The Affair tells the torrid story of a lustful and complex affair of Noah, a Brooklyn teacher, novelist and father of four who becomes infatuated with Alison, a grief stricken waitress. Let’s be frank, a man who narrates his affair can only be interesting for about five minutes. However, the show does something unique that pulls viewers in. The show tells the exact same plot but switches perspectives halfway through. The saying it takes two to tango rings true in this instance. The show highlights the subjective nature of “truth” and how it destroys relationships. While Noah’s memory is basically a romanticized view of an affair that teems on cinematic porn, Allison is the frail doe-eyed victim in her eyes. Not to mention, there is an injection of a third layer – we know that both Noah and Alison are telling their account of their affair in an interrogation room. We know someone is dead but whom?
James Bay – The Chaos and the Calm
Ever since hearing Bay cover Four Five Seconds (stop, drop and go listen!) I’ve been hooked, and so has the world. Following four EPs and grabbing the Brit Award for Critic’s Choice, The Chaos and the Calm is Bay’s full-length debut. It’s hard not to be hypnotized by Bay’s throaty voice over top his acoustic guitar. The melodies throughout the album, despite some songs being about heartbreak and loss, have uplifting qualities, giving an optimistic vibe.
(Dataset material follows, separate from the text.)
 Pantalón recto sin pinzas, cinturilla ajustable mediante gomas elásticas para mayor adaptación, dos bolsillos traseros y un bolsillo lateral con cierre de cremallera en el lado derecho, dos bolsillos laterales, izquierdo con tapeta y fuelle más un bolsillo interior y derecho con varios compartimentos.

Being raised on a staple diet of classic rock, Bay effortlessly changes gear on tracks like Collide, When We Were On Fire, and Best Fake Smile. What will truly listeners get excited is the mix between storytelling, casual grittiness and intense emotion. James Bay is simply an awesome musician. He is a troubadour of his craft and pulls influence from the soulful blues to rugged soft rock, and back to twangy folk music. If you’re ever going to do your ears a favor, listen to this album.
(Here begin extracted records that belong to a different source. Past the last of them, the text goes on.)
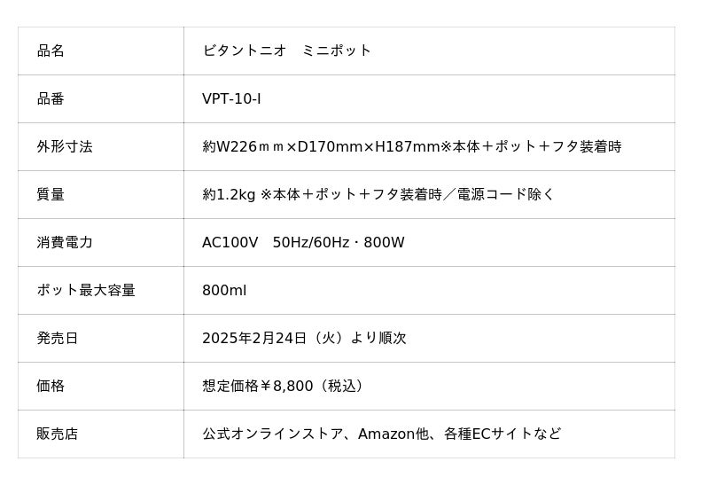 この度、ビタントニオは、小型で場所を取らず火を使わないから、いつものテーブルに置いて調理と食事が「動画を見ながら、仕事をしながら、おしゃべりしながら」楽しめるミニポットを、 2026年2月24日(火)より、公式オンラインストア、Amazon他、各種ECサイトなどにて順次発売いたします。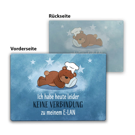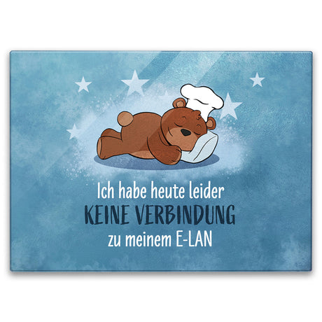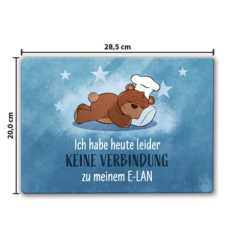 Kuschelbär Schneidebrett aus Glas mit Spruch Keine Verbindung zum E-Lan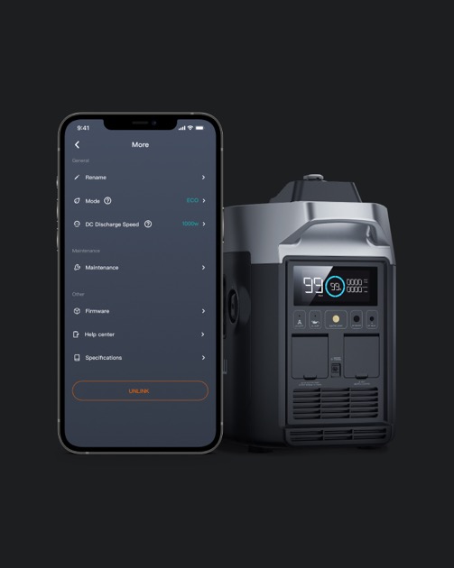 Когда станция DELTA Pro или DELTA Max разряжается до установленных вами показателей % в мобильном приложении, Smart Generator автоматически включается. По достижении установленного максимального заряда двигатель выключается во избежание лишних расходов топлива.

If you’re going to listen to one song: Scars. It took him two years to finish. The song tells the whole story, with the melodies mimicking the ups and downs of a relationship. He claims it’s a heartfelt plea to make a relationship work.
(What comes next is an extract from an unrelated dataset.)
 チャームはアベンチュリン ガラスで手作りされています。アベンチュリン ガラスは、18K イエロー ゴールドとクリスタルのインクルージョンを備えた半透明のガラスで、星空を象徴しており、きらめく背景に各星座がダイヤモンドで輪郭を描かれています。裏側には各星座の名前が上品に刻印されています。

Kendrick Lamar – To Pimp A Butterfly
Scrawled in handwriting beneath the photograph of Kendrick Lamar’s previous album Good Kid M.A.A.D City were the words “A Short Film By Kendrick Lamar.” While Good Kid M.A.A.D City, a sprawling album about escaping the violence of Compton, may have been Lamar’s short film, his latest album, To Pimp a Butterfly is surely his feature film. Running an expansive 79 minutes, Lamar’s staggeringly ambitious sophomore album explores race, black culture, sexuality, and success through jazz infused hip-hop. Upon first listen, the album may sound overwhelming, and that’s because, quite simply, it is. Each song is layered with dense jazz instrumentation, spoken interludes, speeches, and the sounds of live crowds. There are triumphant highs, as Lamar raps and croons about self love to a live audience on “I”, and harrowing lows, with Lamar’s voice crackling to the sounds of a saxophone as he contemplates suicide in a hotel room on “U”. The songs are honest, and bare, with Lamar often holding a mirror up to his self, reflecting on his own successes and failures. A criticism of the album may be that it’s too dense. It is certainly a collection of songs that were not made for easy listening, or for being played in the background. To Pimp a Butterfly demands attention, and some may be reluctant to provide that full attention. But for those who listen to music for its nuances, intricacies, and artistry, To Pimp a Butterfly is not only rewarding, but arguably one of the most interesting and refreshing albums in years.
If you’re going to listen to one song: You have to listen to the contrast between the songs U and I. And Mortal Man and Wesley’s Theory. Just listen to the whole thing, start to finish.